Dinas kesehatan provinsi Khanh Hoa dan Dak Lak menyarankan masyarakat untuk membersihkan rumah, memasak makanan hingga matang, merebus air sebelum diminum, mengolah air minum dengan benar, dan menghilangkan genangan air untuk mencegah penyakit pencernaan dan pernapasan, konjungtivitis, dan demam berdarah.
Pada sore hari tanggal 28 November, Kementerian Kesehatan mengirimkan dokumen kepada Komite Rakyat provinsi dan kota serta unit kesehatan di seluruh negeri, meminta mereka untuk memperketat langkah-langkah pencegahan dan pengendalian penyakit menular yang menunjukkan tren peningkatan yang kuat: influenza musiman, penyakit virus sinsitial pernapasan (RSV), dan penyakit tangan, kaki, dan mulut.
Oleh karena itu, Kementerian Kesehatan meminta pemerintah daerah untuk memperkuat pengawasan, mendeteksi kasus sejak dini, menangani wabah secara menyeluruh, dan memastikan triase pasien, penerimaan, dan perawatan darurat yang aman untuk mencegah penularan silang di rumah sakit.
Menurut Kementerian Kesehatan, periode transisi antara musim gugur dan musim dingin, dengan cuaca yang tidak menentu dan kelembapan tinggi, menciptakan kondisi ideal bagi patogen pernapasan dan pencernaan untuk berkembang biak. Dari awal tahun 2025 hingga saat ini, negara tersebut telah mencatat lebih dari 132.000 kasus influenza musiman, termasuk 3 kematian.
Strain virus influenza utama yang beredar di Vietnam saat ini adalah influenza A/H1N1, A/H3N2, dan influenza B.

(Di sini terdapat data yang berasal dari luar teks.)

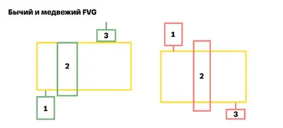 FVG (Fair Value Gap) — это участок на графике, где цена прошла слишком быстро и не было нормальной торговли. Из-за этого остаётся “пустота” между свечами. Проще говоря: цена не двигалась плавно, а пр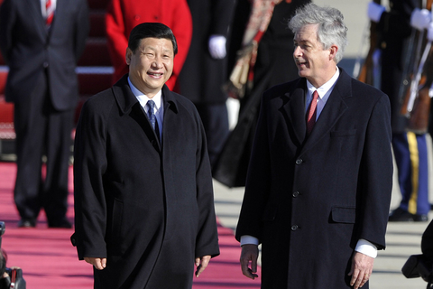 上午11时,习近平与美国副总统拜登(Joe Biden)在白宫罗斯福会客厅进行两国双边会谈。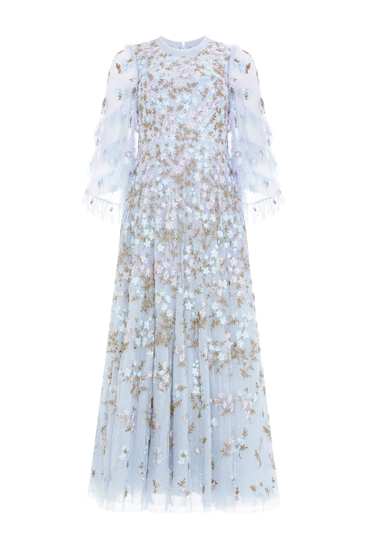 The Everett Bloom Round Neck Ankle Gown in Dusk Blue/Multi. This beautiful gown features exquisite, embroidered artwork inspired by a vintage archive print that showcases floating florals. Beautifully decorated with floral clusters cascading gently toward the hem, enhancing the romantic charm. Designed with fluted sleeves adorned with frothy tulle ruffles and embroidered floral motifs, while the neckline, shoulders, and cuffs feature signature Needle & Thread tulle frills for a touch of romantic elegance. The skirt is composed of generous layers of net and tulle, culminating in a sweeping hemline that adds to the gown's enchanting allure.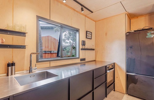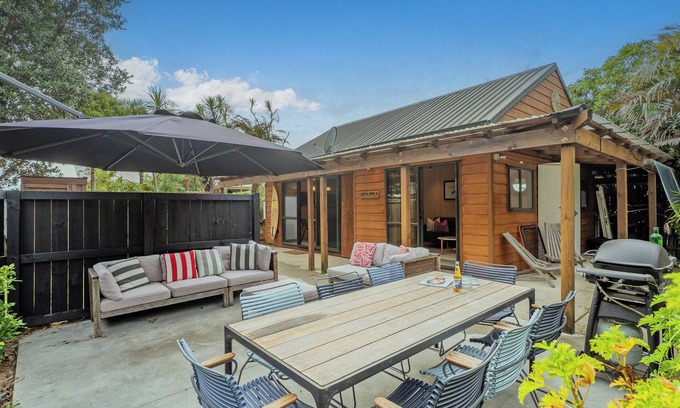 Created by a registered architect and interior designer, the property blends luxe simplicity with a warm, casual vibe. The main house features a designer black steel kitchen, airy living and dining spaces, a sleek new bathroom with twin basins, and a separate outdoor-access toilet and an outdoor shower to rinse off after the beach — perfect for beach days. Inside, you'll find curated vintage and local New Zealand furnishings alongside original art and unique touches throughout.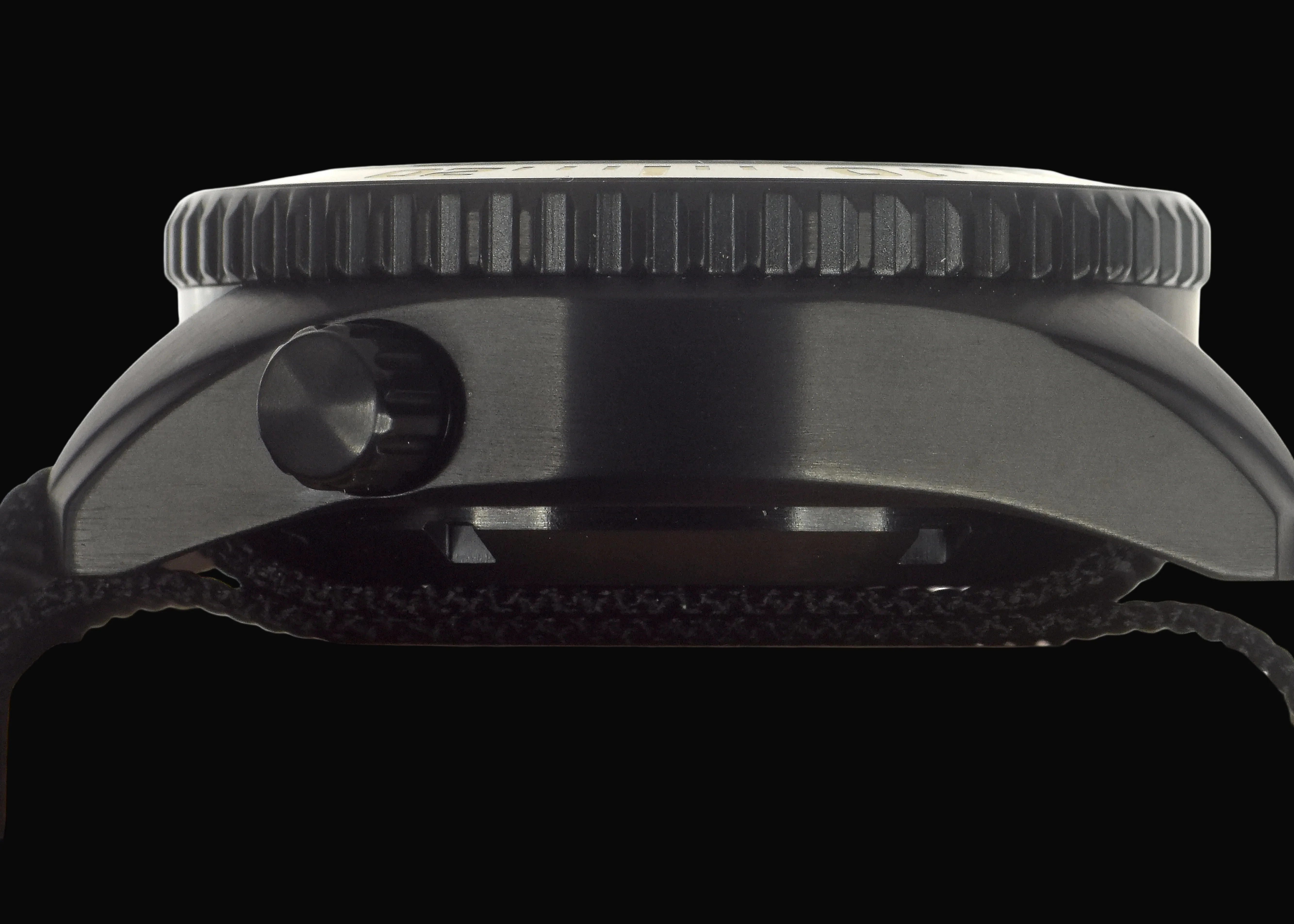 The special covert matte black non-reflective PVD finish used for this watch is often specified in military contracts for special forces units, anti-terrorist units, and various covert operations. The PVD process creates a black finish on the steel that is vastly superior to painted finishes, which can easily fade or rub off. This PVD process means that the color of the steel is altered at a molecular level, ensuring it does not deteriorate even during heavy usage. However, the finish can be compromised if the case is severely damaged.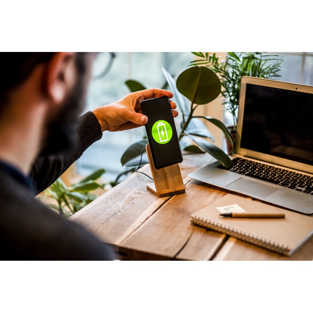 Bambusowa ładowarka bezprzewodowa B’RIGHT 10W, stojak na telefon, działa z urządzeniami posiadającymi możliwość ładowania indukcyjnego, wejście USB-C 5V/2A, 9V/1.67A, wyjście bezprzewodowe 5V/1A, 9V/1.2A, zasięg ładowania bezprzewodowego do 8 mm, kabel USB-C w komplecie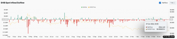 Ключові рівні залишаються чітко визначеними, оскільки Shiba Inu рухається з кінця січня до лютого, при цьому ціновий рух показує стиск після тривалого зниження. $SHIB продовжує торгуватися нижче основних ковзних середніх, зберігаючи обережність короткострокового імпульсу. Однак діапазон, що звужується, говорить про те, що волатильність може збільшитися в міру наближення лютого.
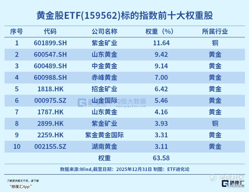 素有“金价放大器”之称的黄金股ETF(159562)在2025年净流入22.26亿元,2026年以来12个交易日继续吸金8.84亿元,规模增至44.94亿元。该基金主要投资于港股与A股市场的黄金产业链公司,权重股集中于金矿企业,如紫金矿业、山东黄金、中金黄金等,同时也覆盖老铺黄金、周大福等珠宝零售公司,场外联接基金为A类021074/C类021075。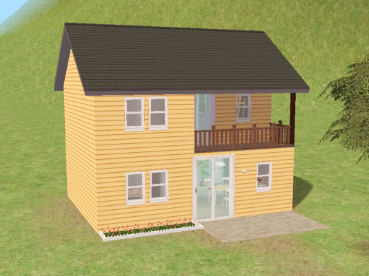 Two-story starter house (expanded version of #42/42a), furnished for 2-3 sims, with covered balcony. Open floorplan, some landscaping and decoration.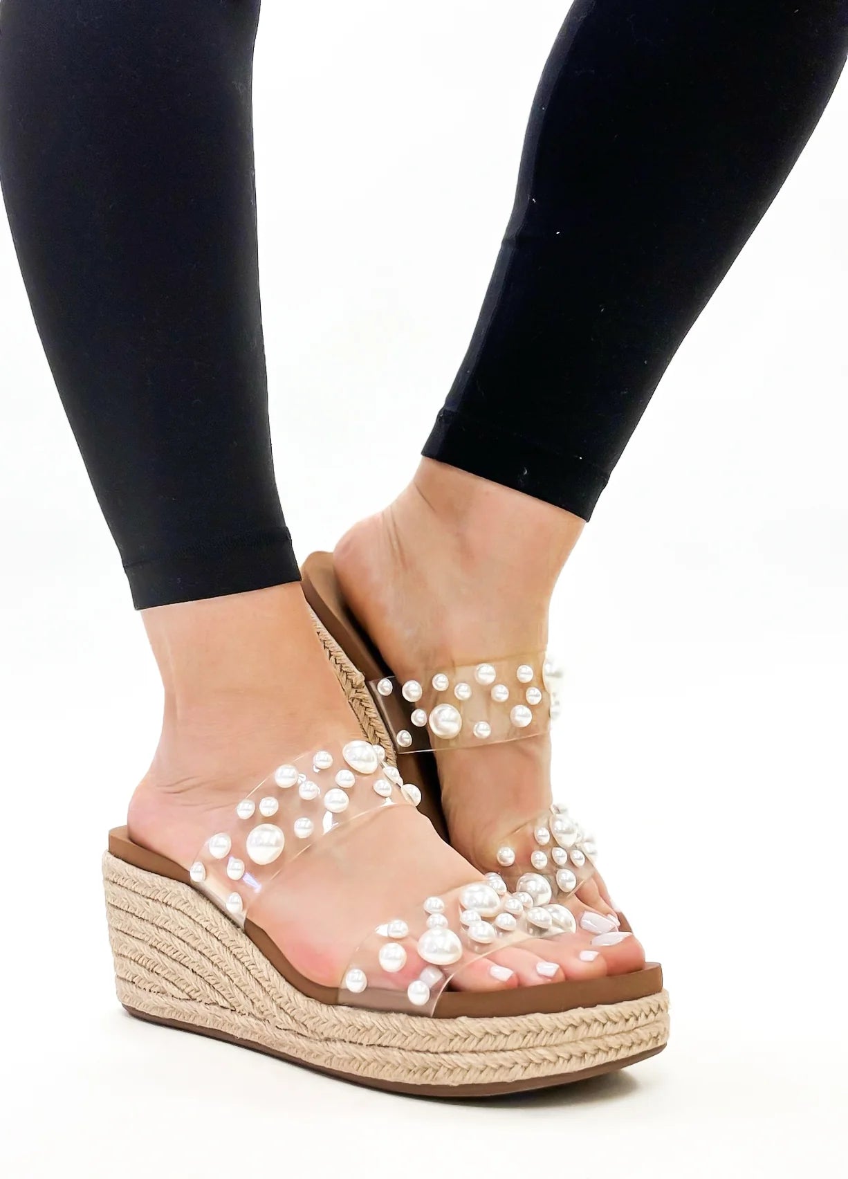 Get ready for summer with these Corky's Clear She's Here Sandals! These stylish sandals feature a comfortable slide in wedge and braided covered cork for a chic look. The clear strap details are adorned with pearls, adding a touch of elegance. And with Corky's famous foam footbed, your feet will feel pampered all day long!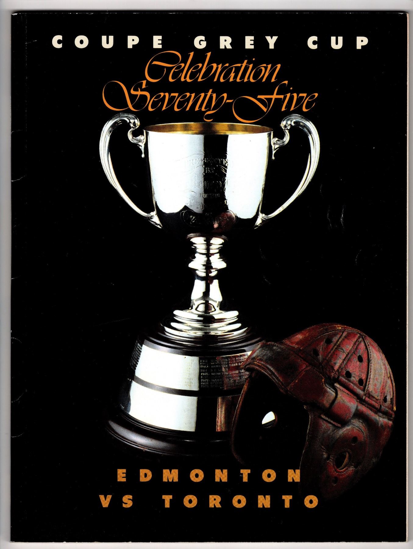 Program from the 75th Grey Cup, Championship of the Canadian Football League, Edmonton vs Toronto. Condition is Excellent. Epic record-setting 112-yr TD from Gizmo Williams in this one!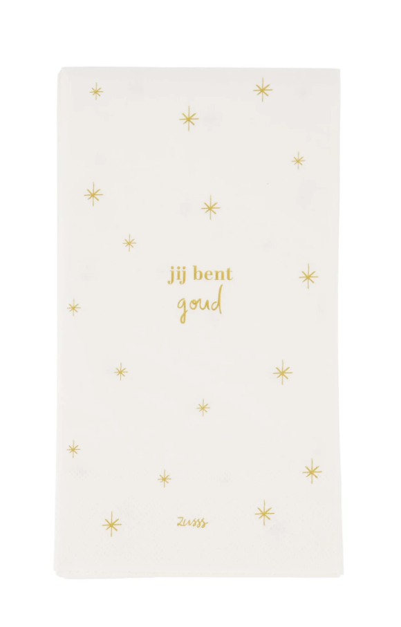 Diese Zusss-Servietten mit goldener Schrift und Sternen sorgen im Handumdrehen für eine festliche Atmosphäre am Tisch. Die Servietten mit dem Schriftzug „You Are Gold“ und dem sanften weißen Hintergrund mit goldenen Details machen jeden Anlass zu etwas Besonderem. Ob für eine Geburtstagsfeier oder ein gemütliches Abendessen – diese Servietten verleihen jedem Tisch eine dezente, warme Note. Der Golddruck wirkt stilvoll, ohne aufdringlich zu sein.

Data pemantauan terbaru dari Organisasi Kesehatan Dunia tentang influenza musiman untuk tahun 2025-2026 menunjukkan bahwa aktivitas virus influenza meningkat secara global, dengan strain A/H3N2 menjadi dominan di wilayah seperti Eropa Utara, Asia Barat, Asia Selatan, dan Asia Tenggara.